Interest on all PLUS loans begins accruing once the loan is disbursed. Payments on parent PLUS loans begin immediately unless you request a deferral. If you're a graduate or professional student, however, you won't need to begin making payments until six months after you leave school. Paying the accrued interest before your first payment due date prevents it from being added to your existing loan principal.
- Who is eligible: Graduate and professional students, as well as parents of undergraduate dependent students who are in school at least half time.
- Rates and fees: The current interest rate on PLUS loans is 5.30%. The fee is 4.228% for loans disbursed before October 1, 2021.
- Borrowing limits: PLUS loans can be taken out for the full cost of attendance (determined by the school), less any other federal student aid the student receives.
When to Consider Private Student Loans
Private student loans don't come with a lot of the perks you'll get with a federal student loan, but they can be helpful for certain borrowers. Compared with federal loans, private student loans typically have higher interest rates, less flexibility and more eligibility restrictions. However, federal aid doesn't always cover your school costs in their entirety, and private student loans can offer advantages.

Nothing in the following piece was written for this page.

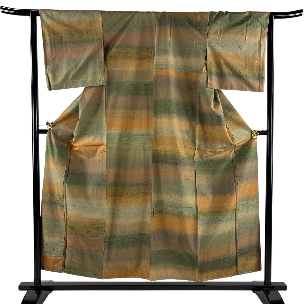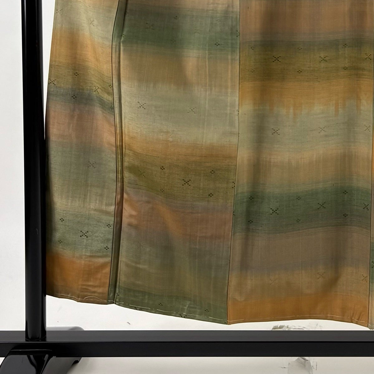 50%OFF 紬 身丈164cm 裄丈69cm L 袷 幾何学 縞 茶緑色 正絹 名品 K50

For one, some private loans don't charge fees. Plus, for borrowers looking at PLUS loans, an excellent credit score could land you a better interest rate with a private loan. You can check your credit report and credit scores for free from Experian to see where your credit health stands—you might want to take steps to gain extra points on your credit score to secure better private loan rates. Keep in mind that some private student loans charge variable interest rates—a feature that could cost you more in the long run than the fixed rates offered by federal student loans.
Beyond Student Loans
Student loans may not be the most fun part of college, but they are often necessary for making your education plan work. Don't take these loans lightly or overreach and borrow more than you need. Consider your college's work-study program if it's available to you or finding other ways to make money while you're in college to reduce the amount you need to borrow. And don't underestimate the "free money" available for those seeking to learn: There are lots of grants and scholarships you may qualify for that can help ease the financial burden and start you on your way toward earning your degree.